Отмечается, что когда враждебные действия страны коренятся в страхе и уязвимости, непоколебимая решимость и военная готовность, столь необходимые для борьбы с угрозой гитлеровского типа, могут оказаться контрпродуктивными. Вместо того чтобы предотвращать агрессию, демонстрируя волю к ответным действиям, принудительные шаги против государства, которое уже видит в себе угрозу, могут усилить ощущение уязвимости и вызвать опасную эскалационную реакцию. Они отмечают, что Соединенные Штаты испытали это явление в бывшей советской республике Грузия в 2008 году. Будучи убежденными в том, что Россия имеет агрессивные планы в отношении своего южного соседа, вашингтонские политики ускорили американскую военную подготовку Грузии, открыто выступали за вхождение Тбилиси в НАТО и неоднократно предупреждали Москву о недопустимости военных действий, полагая, что такая твердая поддержка будет сдерживать российскую агрессию. На самом деле, это имело обратный эффект. Россия была все больше встревожена перспективой вступления Грузии в НАТО, в то время как Тбилиси почувствовал поддержку со стороны Америки в проведении военной операции в отделившемся грузинском регионе Южной Осетии, которая привела к немедленному и массовому военному реагированию России, включавшему скоординированную серию кибератак. Результатом стала легко предсказуемая война, которую Соединенные Штаты не смогли предотвратить, оставив Белому дому неприятный выбор между безрезультатным протестом против завоевания Россией отколовшихся регионов Грузии и угрозой ядерной войны в ответ на превосходство России над другими традиционными регионами.
Для тех, кто считает, что Москва играет в оборону, предпочтительный политический ответ в значительной степени является гиппократическим и дипломатическим: прекратите причинять вред, угрожая государству, и начните говорить о компромиссе и разрешении конфликтов. Коэн выступает против возобновления ракет средней дальности в Европе и продажи оружия Украине, например, и призывает вместо этого сотрудничать против общих угроз и достичь соглашения о новых правилах, регулирующих отношения. Мирсхаймер предлагает положить конец тому, что он называет «тройным пакетом политики», расширением НАТО, расширением Европейского союза (ЕС) и продвижением демократии. Он считает, что цель для Украины и, по-видимому, для других государств, находящихся в «серой зоне» между Россией и альянсом НАТО, должна состоять в том, чтобы «отказаться от плана вестернизации Украины и вместо этого сделать ее нейтральным буфером». Если мы хотим мира с Россией, считают они, нам необходимо сделать упор на взаимопонимание и компромисс, а не на оружие и санкции.

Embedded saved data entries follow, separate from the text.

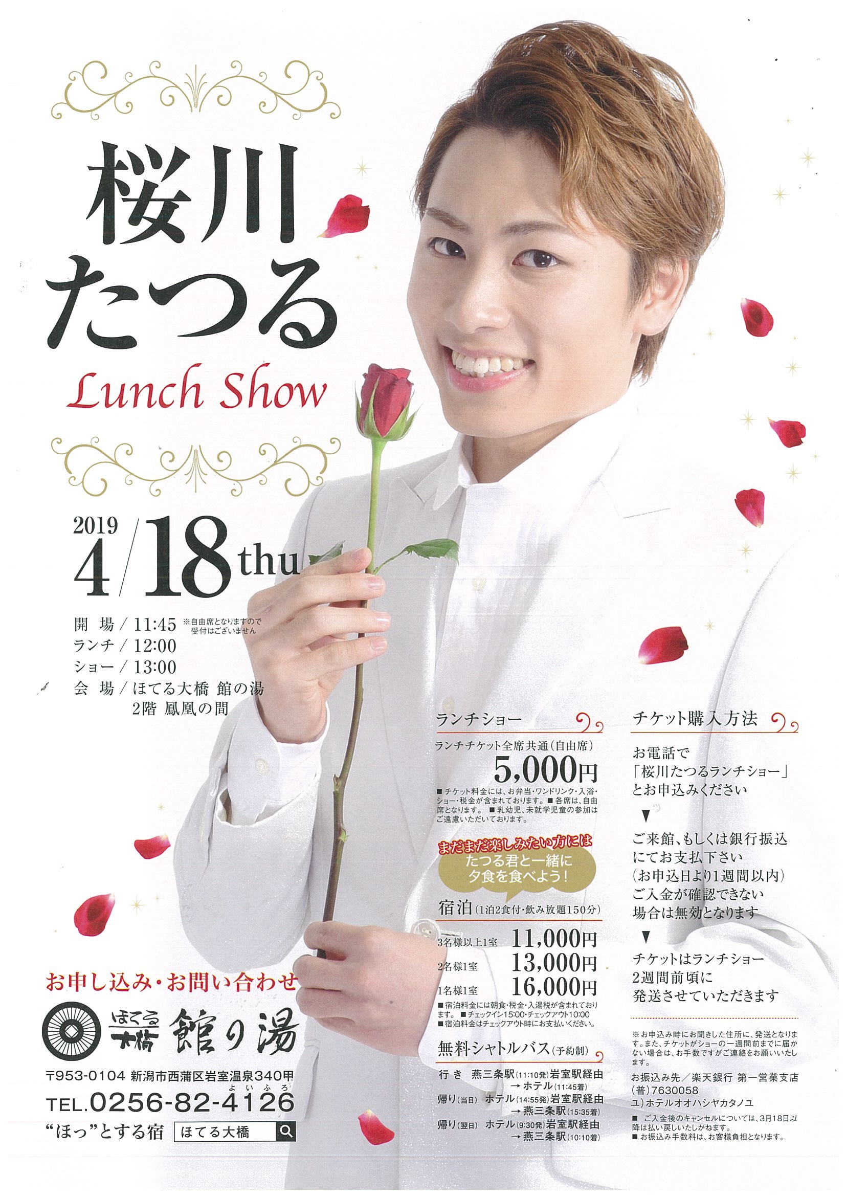みなさま、今日はほてる大橋“初”のランチショーのご案内です(^o^) ぽかぽか陽気の季節にピッタリ! さわやかな方が、再びほてる大橋にいらっしゃいます 新潟が生んだイケメン演歌歌手 桜川たつるさんです! 今回はランチショーなので、料金もお手頃ですし、気軽にお楽しみいただけます♪ 大橋でお呼びするのは今回で2回目 前回も盛り上がりましたが、今回はさらに盛り上がる予感! なぜかというと… ↓ ↓ ↓ ↓ ↓ ↓ ↓ ↓ ↓ ↓ たつるさんと混浴できるのでーーーす♡♡♡ ※注意※ ①混浴といっても、嵐の湯(岩盤浴)のことですのでご容赦くださいませ ②嵐の湯の使用料は、通常料金の半額(¥1080)です ③必ず作務衣着用です。 恥ずかしがり屋な方でも、たつるさんと一緒に混浴を楽しめますよ(*^_^*) さらにさらに! お時間がある方は、ディナー付き宿泊プランを追加でご利用いただくことも可能です! たつるさんと一緒にディナーも楽しめますよ~♪ 歌も素敵ですが、おしゃべりも上手なたつるさんと素敵な1日を過ごしませんか? ご予約はもちろんのこと、お問い合わせだけでも大歓迎です! ◆日時 2019/4/18(木) 会場/11:45 ランチ/12:00 ショー/13:00 ※自由席の為、受付はございません ◆会場 〒953-0104 新潟県新潟市西蒲区岩室温泉340甲 ほてる大橋 館の湯 2階 鳳凰の間 ◆チケット ランチショー 5000円(自由席) ※お弁当・ワンドリンク・入浴・ショー・税金が含まれます。 ※お申込開始当日、電話が大変混み合う事が予想されます。予めご了承ください。 ※乳幼児、未就学児童の参加はご遠慮いただいております。 ◆宿泊 3名様以上1室 11,000円 2名様1室 13,000円 1名様1室 16,000円 ※宿泊料金には、一泊二食付・飲み放題150分・消費税・入浴税が含まれております。 ※チェックイン15:00 チェックアウト10:00 ◆無料シャトルバスのご案内(予約制) 行き 燕三条駅(11:10発)→岩室駅経由→ホテル(11:45着) 帰り(当日) ホテル(14:55発)→岩室駅経由→燕三条駅(15:35着) 帰り(翌日) ホテル(9:30発)→岩室駅経由→燕三条駅(10:10着) ◆お申込み方法 1・お電話で「桜川たつる ランチショー」とお申込みください。 2・ご来館・もしくは銀行前払い振込にてお支払いください。(お申込日より1週間以内) 3・チケットはランチショー2週間前頃に発送いたします。 ※ご入金後のキャンセルにつきましては、2019/3/18以降は払戻しいたしかねます。 ※お振込み手数料は、お客様負担となります。 ◎お振込先◎ 楽天銀行 第一営業支店 (普)7630058 ユ)ホテルオオハシヤカタノユ ほてる大橋 館の湯 TEL: 0256-82-4126(9:00~19:00)![]()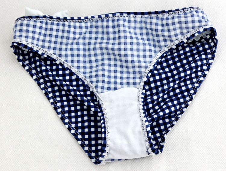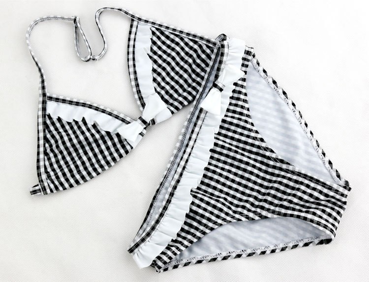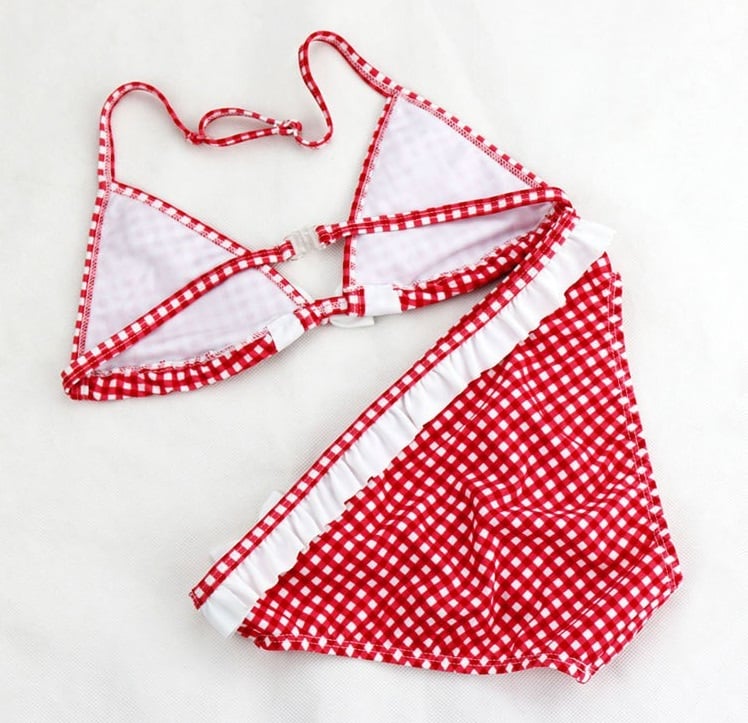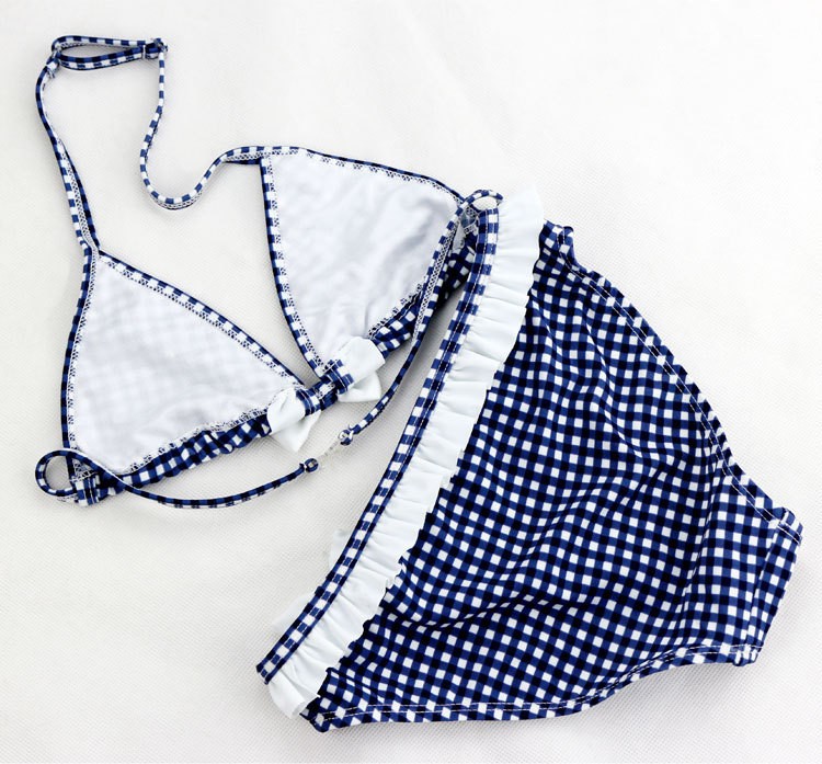 The swimsuit is a two-piece set with a checkered pattern and a small bow in the centre of the cups.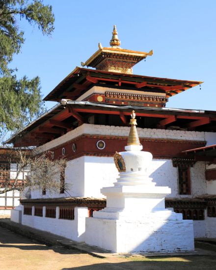 Morning: Hike to Khamsum Yulley Namgyal Chorten. A gentle uphill walk through rice fields and forest trails leads to this beautifully crafted temple, built to promote peace, harmony, and protection. Perched on a ridge above the valley, it offers a quiet setting with sweeping views, ideal for reflection and stillness. Prayer wheels nearby allow for mindful circumambulation.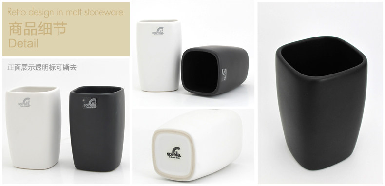 产品特点 –磨砂哑面陶瓷材质,质感细腻,高档; –哑面陶瓷方形外形,时尚简约;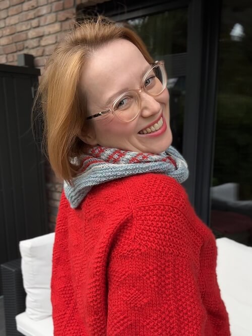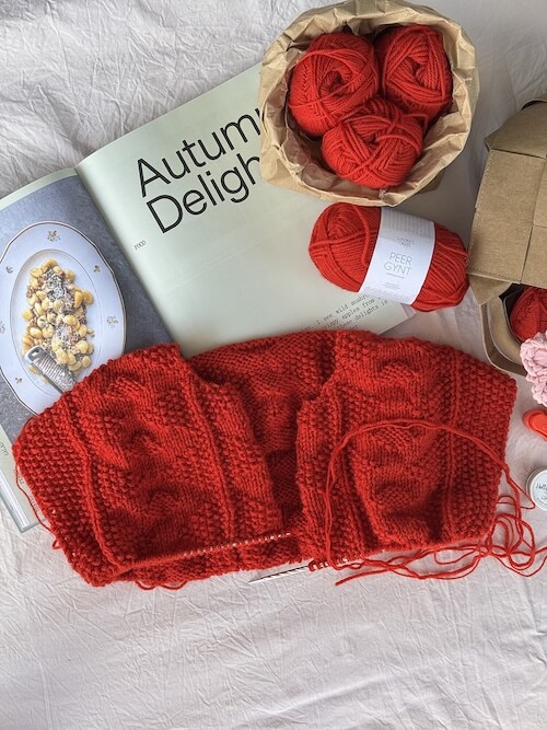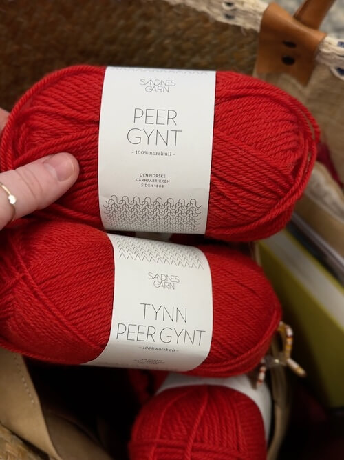 Für meine zweite Esther Jacket habe ich mich für Sandnes Garn Peer Gynt (50 g = 91 m) und Tynn Peer Gynt (50 g = 205 m) in der Farbe 4018 entschieden – ein intensives, klassisches Rot. Diese Kombination hat perfekt zur Maschenprobe gepasst.

Нет никаких сомнений в том, что Россия считает себя оборонительной перед лицом расширения НАТО и широкого участия Вашингтона во внутренних делах России в 1990-х годах. Москва питает глубокое возмущение, неправильное восприятие и недоверие к американским намерениям, и ее взгляды на Соединенные Штаты изменились с партнера на противнику за последние двадцать пять лет, отчасти из-за действий Америки, которые она считает угрожающими. По крайней мере, часть поведения России, которое представляется американцам как неспровоцированная агрессия - например, вмешательство в президентские выборы 2016 года - представляется россиянам естественной реакцией на годы предпринимаемого Западом вмешательства в дела России и ее соседей.
Но поведение России обусловлено не только защитными мотивами. Она также считает себя по праву великой державой, хотя ей и не повезло в 1990-х годах, которая должна играть ключевую роль в международных делах наряду с Соединенными Штатами, Европой и Китаем и которая должна доминировать над соседними государствами. Трудно утверждать, что военное участие Москвы в Южной Америке, регионе, удаленном от российских границ и имеющем лишь самые незначительные связи с какими-либо жизненно важными российскими интересами, мотивировано чем-то иным, чем стремлением показать Вашингтону, что Россия - великая держава, способная к обострению проблем в регионах, где доминируют Соединенные Штаты. Часть обиды на Соединенные Штаты, которая выросла в московском политическом классе за последние два десятилетия, проистекает из убеждения, что Вашингтон относится к России как к подчиненному и стоит на пути ее возвращения к славе великой державы. Стремление России доминировать над соседними государствами стало ключевым фактором, побудившим их к вступлению в НАТО и обращению за помощью к Америке, что, в свою очередь, усилило нестабильность Москвы в условиях нарастающей враждебности. Эта смесь наступательных и оборонительных мотивов является, по сути, старой темой российской внешней политики. Комментируя поведение царской России в период, предшествовавший Первой мировой войне, Генри Киссинджер заметил: «Отчасти оборонительная, отчасти оскорбительная, российская экспансия всегда была неоднозначной, и эта неоднозначность вызывала споры на Западе по поводу намерений России, которые продолжались в советский период».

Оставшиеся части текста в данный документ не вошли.